Gözümden yaşlar süzülmeye başladı.
- Şimdi evimize gidicez ve yaptıklarının cezasını ödüceksin , dedi. Sesi aşırı sinirli çıkmıştı. Benden birazcık uzaklaştığında fırsat bu fırsat deyip erkekliğine dizimi geçirdim. Bi anda yere yığıldı. Hemen alt kata indim. Ailem (!) için zaten üzülüyordum ama şimdi kendimi kurtarmam gerekiyordu. Çok hızlı koşuyordum. Bir süre koştuktan sonra dinlenmek için sahilin orda bi banka oturdum. Hemen soluklanıp burdan gidecektim. Bir süre de dinlendim ama kendimi çok yorgun hissediyordum. Ve tabii aç. Kendime simit aldım ve biraz daha orda oturdum. Kıyıya vuran dalga sesini dinlerken vaktin nasıl geçtiğini anlamadım. Akşam olmuştu ve benim hemen Nazlılara gitmem gerekiyordu. Hızlıca ayağa kalktım Nazlı'nın evine doğru yol aldım. Annesi ve babası çalışıyordu ve gece 2 - 3 gibi geliyorlardı. Tabii hala değişmediyse.

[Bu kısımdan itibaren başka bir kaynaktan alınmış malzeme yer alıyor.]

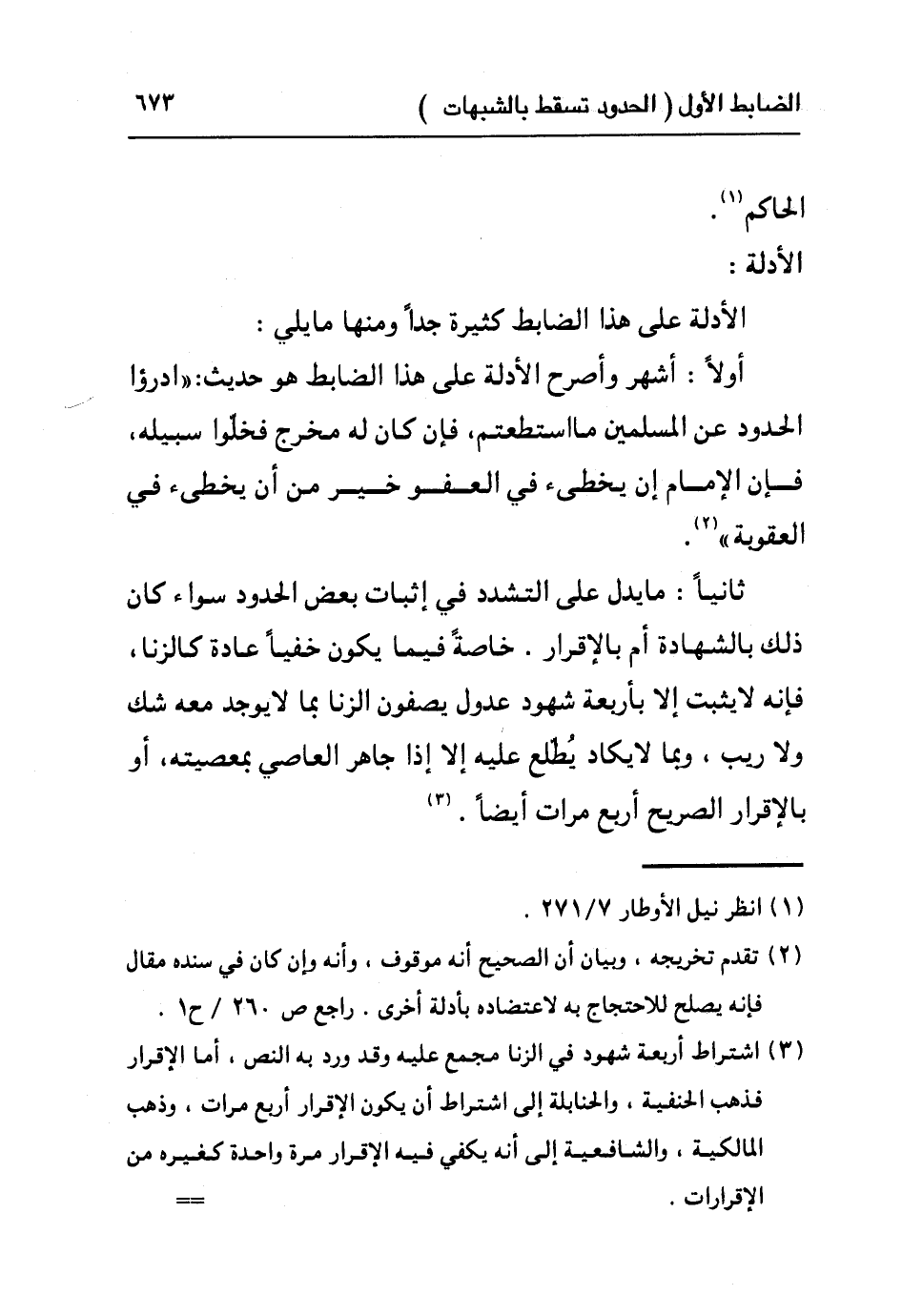 أولا: أشهر وأصرح الأدلة على هذا الضابط هو حديث: "ادرؤا الحدود عن المسلمين ما استطعتم, فإن كان له مخرج فخلوا سبيله, فإن الإمام إن يخطئ في العفو خير من أن يخطئ في العقوبة"٢.

Nazlıların evi biraz uzaktaydı. Her ne kadar koşmak istesem de hala yorgun hissediyordum. Yaşadıklarım ve öğrendiklerim beni yavaş yavaş tüketmeye başlamıştı bile . Yürüyordum ama nereye gittiğime bakmıyordum. Tam kafamı kaldırdım ki kaldırmamla pis kokan bir şeye çarpamla bir oldu. Hemen geri atıldım. İlk başta çöp konteynırı sansam da bu sarhoş bir serseriden başkası değildi. Bir dakika bir dakika ben bu sokağa ne ara girdim ki ? Lanet olsun. Karşımdaki sarhoş yaratık beni süzüyor ve sırıtıyordu. Hemen koşmaya başladım. Sokağın sonuna geldiğimde buranın daha karanlık olduğunu farketmemle birileri tarafından kollarımdan tutulmam bir olmuştu. 2 pis sarhoş yaratık daha.

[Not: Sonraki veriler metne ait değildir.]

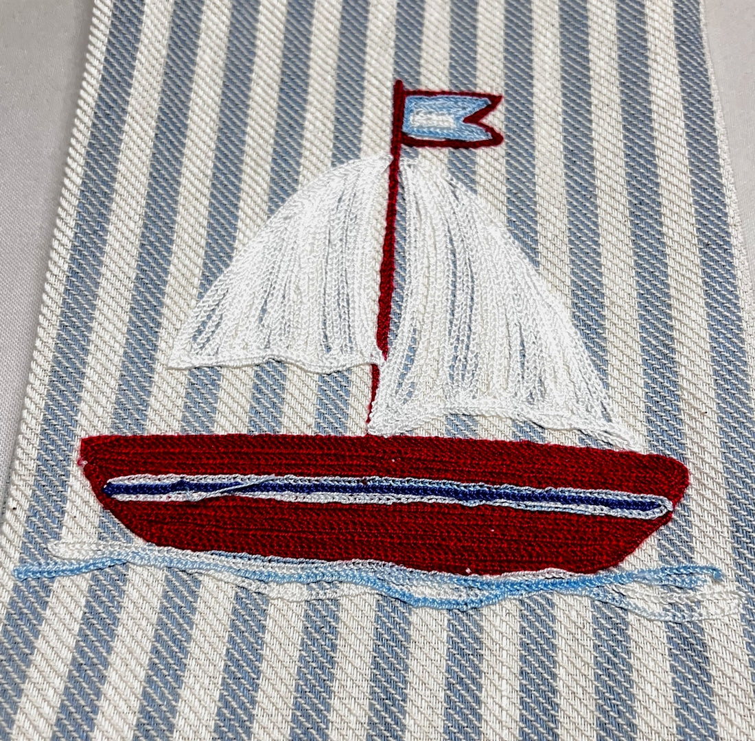 Embroiderd sailboat on blue and white kitchen towel. Size: 22.83″ x 27.56″ Materials: 60% linen 40% cotton. Made in Italy.

- Bırakın beni hemen ! diye bağırdım. Hala sırıtıyorlardı . Kendimi kurtarmaya çalışıyordum. Sırtım soğuk duvarla buluştuğunda yüzümü buruşturdum. Canım acımıştı. Ama şuan daha önemli bir şey vardı. Tekrar bağırdım. Çarptığım yaratıkta buraya geldiğine şuan 3 pis sarhoş yaratığın arasında kalmış çırpınıyordum. Var gücümle çığlık atmaya başladım. Aynı zamanda imdat diye bağırıyordum. İçlerinden biri birden ağzımı kapattı. Bana yapabilecekleri şeyler aklıma geldiğinde daha fazla bağırmaya başladım. Birden montumu çıkarmaya başladılar. O anda birinin erkekliğine tekme attım. Yere düşüp acı içinde kıvranırken diğerlerinide itlemeye çalıştım. Yerdeki kalkıp yanağıma tokatı geçirdiğinde ağzımda kan tadı hissettim. Kazağıma uzandıklarında daha çok bağırmaya çalıştım ama sesim boğuk çıkıyordu. Pantolomda bi el hissetiğimde daha çok çırpındım. Gözlerimi sımsıkı kapattım. Sesim kısılıyordu. Ama daha pes etmemiştim. Bi çarpma sesiyle beraber yine çığlık attığımda pis eller üzerimden çekilmişti. Ama hala gözlerimi açamıyordum. Yumruk seslerini duyduğumda birinin beni kurtardığını anlamıştım. Derin bir nefes aldım ve yere çöktüm. Gözlerimi hala açamıyordum. Hıçkırarak ağlamaya başladım . Ya hiç kurtulamasaydım . Ya bana .... ! Düşüncesi bile o kadar kötü ki. Yumruk sesleri kesildiğinde omzumda ve belimde bir el hissettim. Bedenim havalandığında yine derin bir nefes aldım ve yavaşça gözlerimi araladım. Beni kurtaran Savaş'tan başkası değildi. Korkuyla yüzüne bakıyordum. Bir an gözleri gözlerimle buluşunca gözümden bir damla yaş daha geldi. Beni sapıklardan yine sapık biri kurtarmıştı. İroniye bakar mısınız ? Yine onun ellerindeydim. Yine acı dolu günlerim başlıyordu. Şimdilik bunu kenara bırakıp kafamı omzuna yasladım. Kucağında küçücük kalmıştım. İşte hapisaneme gidiyorduk. Arada bi burnumu çekiyordum. Yaşlarım hala akıyordu ve şuan onun omzu yaşlarımdan sırılsıklam olmuştu. Ama bunu umursadığını pek sanmıyordum. Bir süre sonra Savaş beni yere indirdi. Kapıyı açtı. Binmem için kafasıyla işaret yaptı. Kafamı salladım.